Indira Has 18 Coins Valued At { $ 4.20$} . S H E H A S O N L Y Q U A R T E R S A N D D I M E S . W H I C H A U G M E N T E D M A T R I X C A N B E U S E D T O D E T E R M I N E T H E N U M B E R O F Q U A R T E R S A N D D I M E S I N T H E C O L L E C T I O N ? A . \[ . She Has Only Quarters And Dimes. Which Augmented Matrix Can Be Used To Determine The Number Of Quarters And Dimes In The Collection?A. \[ . S H E Ha So N L Y Q U A R T Ers An Dd Im Es . Whi C Ha Ug M E N T E D Ma T R I X C Anb E U Se D T O D E T Er Min E T H E N U Mb Ero F Q U A R T Ers An Dd Im Es In T H Eco Ll Ec T I O N ? A . \[ \left[\begin{array}{cc|c}1 & 1 & 18 \ 0.25 & 0.10 &
Introduction
In this article, we will explore how to use an augmented matrix to solve a problem involving coins. Indira has a collection of coins valued at $4.20, consisting only of quarters and dimes. We will use an augmented matrix to determine the number of quarters and dimes in her collection.
Understanding the Problem
Let's break down the problem:
- Indira has 18 coins in total.
- Each quarter is worth $0.25, and each dime is worth $0.10.
- The total value of the coins is $4.20.
We can represent the number of quarters and dimes as variables x and y, respectively.
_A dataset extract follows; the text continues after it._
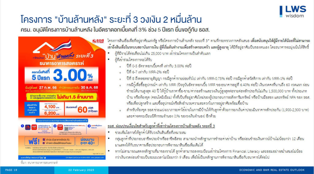 อย่างไรก็ตามในปี 2566 นอกจากความผันผวนของเศรษฐกิจไทย อัตราดอกเบี้ยที่มีแนวโน้มที่สูงขึ้นต่อเนื่องผนวกกับราคาวัสดุก่อสร้างที่มีการปรับตัวสูงขึ้นซึ่งเป็นปัจจัยเสี่ยงที่กระทบกับภาคอสังหาริมทรัพย์ก็ตาม แต่ในปี 2566 มีปัจจัยบวกที่สามารถกระตุ้นภาคอสังหาฯได้ดียิ่งขึ้น โดยอย่างยิ่งการเปิดประเทศของจีนที่จะทำให้มีการเคลื่อนย้ายเงินลงทุนจากประเทศจีนเข้ามาซื้ออสังหาริมทรัพย์ในภูมิภาคเอเซียรวมทั้งประเทศไทย ในขณะเดียวกันนโยบายของรัฐบาลสำหรับโครงการบ้านล้านหลังโดยสนับสนุนอัตราดอกเบี้ยสำหรับบ้านราคาไม่เกิน 1.5 ล้านบาท ที่อัตราดอกเบี้ย 3% เป็นระยะเวลา 5 ปี ซึ่งเป็นปัจจัยสนับสนุนการซื้อที่อยู่อาศัยในปี 2566
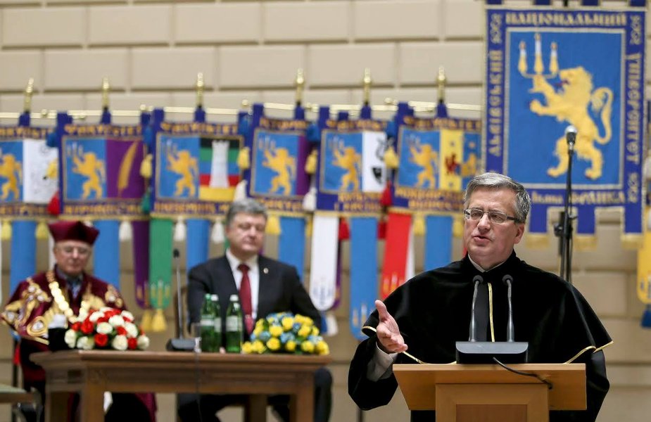 Коморовский поблагодарил за награду, также отметив, что получение звания почетного доктора польским президентом в украинском университете свидетельствует о хороших взаимоотношениях стран.

We can then write two equations based on the given information:
- The total number of coins is 18: x + y = 18
- The total value of the coins is $4.20: 0.25x + 0.10y = 4.20
Creating the Augmented Matrix
An augmented matrix is a matrix that combines the coefficients of the variables with the constant terms. In this case, we have two equations with two variables, so our augmented matrix will have three columns: two for the coefficients and one for the constant terms.
The augmented matrix for this problem is:
| 1 | 1 | 18 |
|---|---|---|
| 0.25 | 0.10 | 4.20 |
Solving the System of Equations
To solve the system of equations, we can use various methods, such as substitution or elimination. However, in this case, we will use the augmented matrix to perform row operations and solve the system.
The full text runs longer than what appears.